“SABAR, satu kata yang mudah di ucapkan namun begitu sulit untuk aku pertahankan keberadaannya di dalam hidupku”
-Nisa Alvia Natasha-
Nisa menatap lalar jalanan yang tidak terlalu ramai malam ini. Saat ini ia sedang menunggu sate yang ia pesan untuk Astrid yang memintanya membeli makanan di pinggir jalan tersebut.Sesudah menerima sate yang ia pesan sedari tadi, Nisa berjalan menuju motornya. Langkahnya terhenti karena satu mobil yang tiba-tiba berhenti begitu saja di depannya.
"Hai cewek.." ucap seorang cowok yang muncul dari mobil bersama dua temannya.
"Malem-malem gini sendirian aja neng, hehe.."
Ketiga cowok tersebut terus menggoda Nisa sampai Nisa ketakutan.
"Mau apa kalian?
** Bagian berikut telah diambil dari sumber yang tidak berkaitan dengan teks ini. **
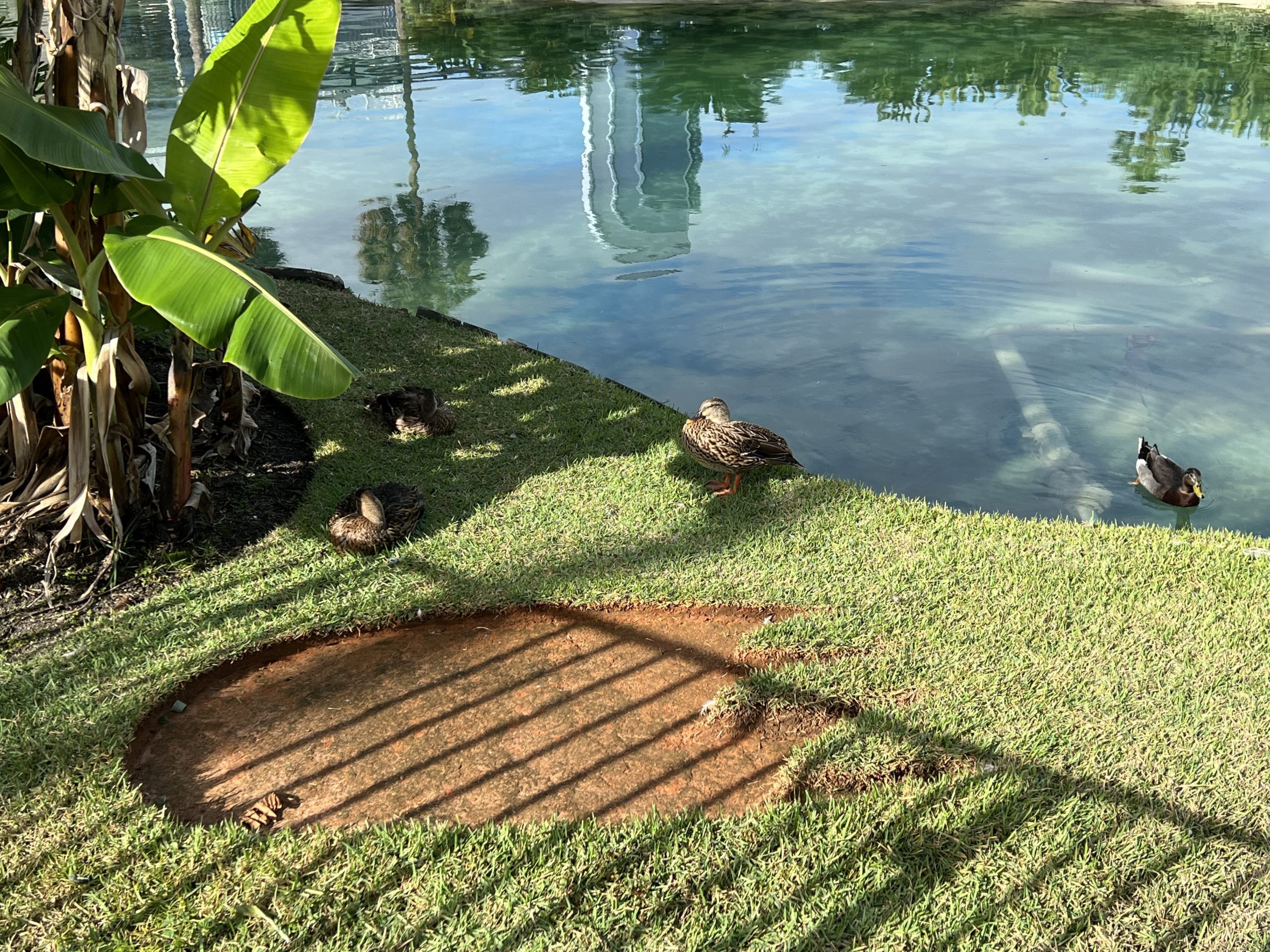 We stopped near Gertie’s to see some Disney ducks taking a morning snooze near one of her footprints.

Jangan ganggu saya!"
Dengan rasa takut dan keringat dingin ada di tubuhnya Nisa berusaha menghindari ketiga laki-laki itu. Namun nihil, tangannya malah terpegang erat oleh laki-laki yang ingin membawanya ke dalam mobil
"Tangan Nisa sakit, TOLONG!"
Ketika pintu mobil terbuka, tiba-tiba saja tangan yang menggenggam Nisa terlepas dengan tubuhnya yang tumbang ke jalanan akibat tendangan seorang laki-laki yang baru saja datang menolong Nisa.
"Gibran..."
"Cowoknya dateng nih. Belum cukup lo, kemarin udah kita habisin? Apa punya nyawa dua, sampe sekarang lo mau nyerahin nyawa lo disini?!" ucap seorang cowok dengan tampang sinisnya
"Bacot! Dasar banci lo semua, beraninya sama cewek atau nggak keroyokan!"
Bugh...
Satu pukulan lolos dari Gibran mengenai cowok yang dia ketahui adalah Satria. Mungkin Satria sengaja menggangu Nisa karena Satria tahu kalau Nisa sedang dekat dengannya
"Gibran awas!" teriak Nisa dengan mata sendunya yang khawatir akan keadaan Gibran.
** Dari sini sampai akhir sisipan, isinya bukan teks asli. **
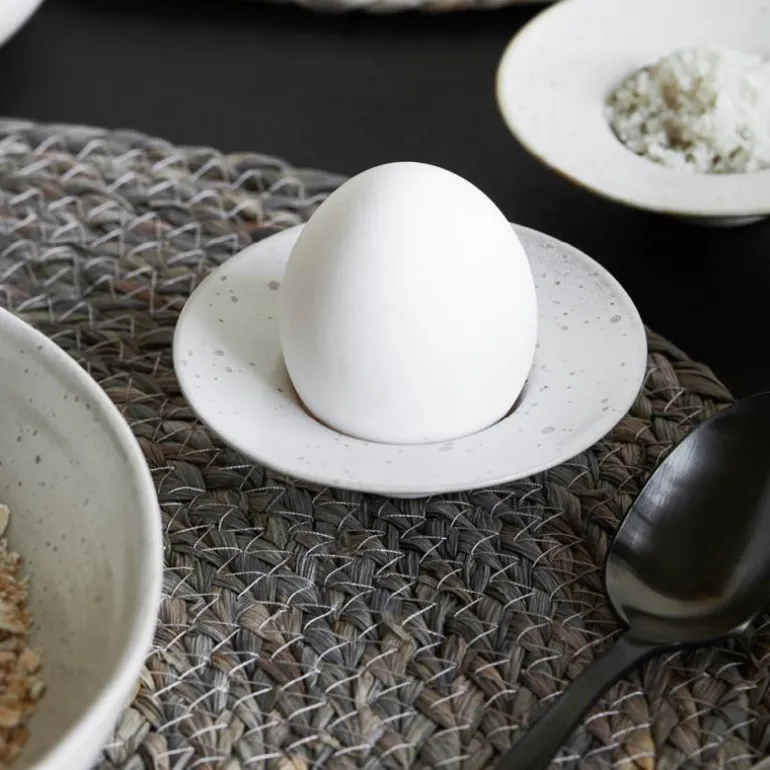 Unn deg selv og familien et bløtkokt egg til frokost på langsomme morgener når du har massevis av tid. Med dette settet bestående av 4 Pion eggeglass i grå/hvit, fra House Doctor, serveres de med en diskré stil. Steintøyet har fått en hvit glasur med flekker, noe som gir det generelle designet et uformelt preg. Bruk eggeglassene sammen med Pion-middagsserviset for å dekke et bord eller du kan gå den uformelle, personlige veien ved å blande middagsservisene om hverandre.

Gibran terus melawan mereka bertiga hingga mereka kalah. Cukup mudah baginya mengalahkan mereka karena cuma bertiga. Ya, cuma bertiga bukan lawan puluhan orang.
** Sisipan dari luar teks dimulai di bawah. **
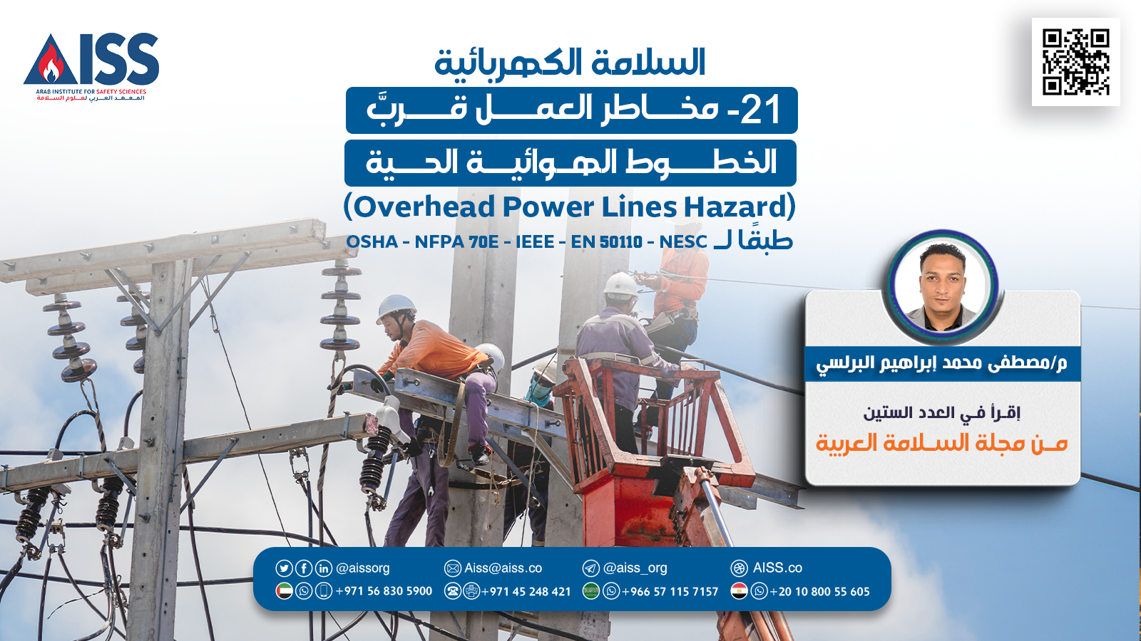 العمل قرب الخطوط الهوائيَّة الحيَّة ليس مجرَّد مخاطرة هندسية، بل اختبار للالتزام المهني بالمعايير العالمية؛ مثل: OSHA، NFPA 70E، IEEE Std 516، EN 50110، وNESC، التي حوَّلت الوفيات من كارثة يوميَّة إلى حَدَثٍ نادرٍ بنسبة انخفاض تصل إلى 90-95% عند التطبيق الصارم.

Tahu kalau ketiga cowok tersebut kalah, langsung saja mereka menaiki mobilnya dengan muka lebam kesakitan.
"Gibran kamu gak apa-apa? Maafin aku kamu jadi kayak gin–"
"Syut! Lo gak usah ngoceh terus" potong Gibran
"Kamu kenal siapa mereka?" tanya Nisa hingga Gibran pun menjelaskan kalau mereka adalah Satria dan geng nya. Mereka sengaja mengincar Nisa karena mereka sempat melihat Nisa kemarin waktu Nisa menolong Gibran, dan memang markas geng Satria tidak jauh dari lokasi perkelahian waktu itu.
"Pantesan kemarin kamu marah banget pas aku nyamperin kamu. Maafin aku ya Gibran, aku bener-bener gak tau soal itu. Sorry..."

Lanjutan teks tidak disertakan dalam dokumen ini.